As we are working with the logConcentration_corr_norm we can consider a thresold based on a certain number of sigma (e.g. number-of-sigma thresold=3) to symbolizise the concentrations' profile of the knockouts as follow:

Symb=0 if -3<logConcentration_corr_norm<3
Symb=1 if logConcentration_corr_norm>=3
Symb=-1 otherwise

The choice of the thresold is arbitrary i.e. thresold greater than 3 can be chosen. The highest is the thresold, the highest is the concentration value taken as significant.

Aggregation of the knockout replicates

For each ion measure, we proceed to aggregate the data by taking the median value of the knockout. For each ions we consider around 1,450 genes. And of which we can plot the z-score with the associated sigma as follow.

pre_proc$plot.logConcentration_z_scores

Final datasets

Three dataset are obtained as output. The first in the long format (genes as rows and ions as columns), and two in wide format and respectively one with the standardised ion's concentraction, and the other with the symbolised profiles of the knockouts.

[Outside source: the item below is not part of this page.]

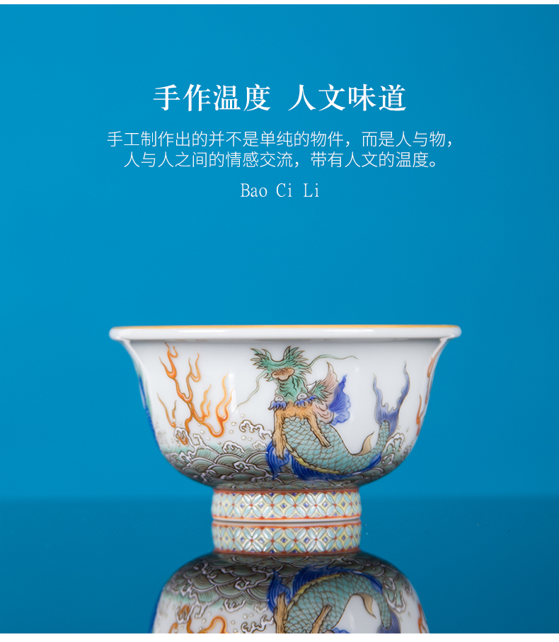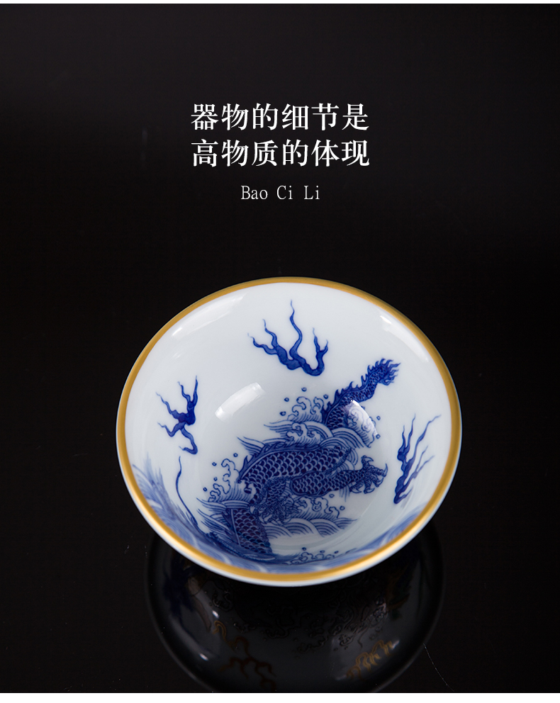 青花古彩描金鱼化龙压手杯 商品图4
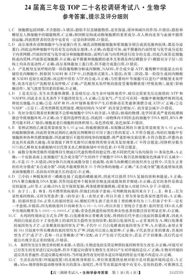 河南省TOP二十名校2023-2024学年高三上学期调研考试(八)生物答案

Long format (aggregated knockout replicates):

head(pre_proc$dataR.long)

row_id	Knockout	Batch_ID	id	Ion	Concentration	logConcentration	logConcentration_corr	logConcentration_corr_norm	Symb
3851	YAL002W	19	3851	Ca	93.4	4.54	0.96	6.3	1
3852	YAL002W	19	3852	Ca	98.2	4.59	1.01	6.7	1
3853	YAL002W	19	3853	Ca	101.6	4.62	1.04	6.9	1
13850	YAL002W	19	3851	Cd	1.5	0.42	0.5	8.8	1
13851	YAL002W	19	3852	Cd	1.6	0.45	0.53	9.2	1
13852	YAL002W	19	3853	Cd	1.6	0.5	0.58	10.1	1

Long format (not aggregated knockout replicates):

head(pre_proc$data.long)

Knockout	Ion	logConcentration_corr_norm	Symb
YAL002W	Ca	6.68	1
YAL004W	Ca	-0.88	0
YAL005C	Ca	-0.15	0
YAL007C	Ca	-0.54	0
YAL008W	Ca	-0.88	0
YAL009W	Ca	-0.95	0

Wide format, standardised ion's concentraction:

head(pre_proc$data.wide)

Knockout	Ca	Cd	Co	Cu	Fe	K	Mg	Mn	Mo	Na	Ni	P	S	Zn
YAL002W	6.68	9.64	0.296	0.65	-0.056	-3.56	-1.3357	5.37	-2.7	3.94	-3.73	0.94	-1.24	0.472
YAL004W	-0.88	0.9	0.882	-0.59	1.017	0.76	1.5433	-2.45	0.81	-0.13	0.94	0.83	0.52	0.073
YAL005C	-0.15	-0.13	0.278	0.94	-0.638	1.3	0.809	-1.33	-0.4	1.79	0.88	0.27	-0.13	-0.081
YAL007C	-0.54	-0.2	-0.649	-0.59	0.803	1.41	-0.6495	1.42	3.24	-0.35	-0.68	0.29	-0.58	-0.424
YAL008W	-0.88	-0.56	-0.416	-1.3	-0.545	0.32	-0.5299	0.34	1.9	0.13	-0.65	-0.34	-0.83	-0.666
YAL009W	-0.95	0.91	-0.016	-0.84	-1.134	0.18	0.0087	1.06	4.91	0.74	-0.84	0.11	0.17	-0.884

Wide format, symbolised profiles:

head(pre_proc$data.wide_Symb)

Knockout	Ca	Cd	K	Mn	Mo	Na	Ni
YAL002W	1	1	-1	1	0	1	-1
YAL004W	0	0	0	0	0	0	0
YAL005C	0	0	0	0	0	0	0
YAL007C	0	0	0	0	1	0	0
YAL008W	0	0	0	0	0	0	0
YAL009W	0	0	0	0	1	0	0

Section 2: Exploratory analysis

This section provide a way to summarize the main characteristics of the data with visual methods. No input needed as this section is built on the output of the previous section.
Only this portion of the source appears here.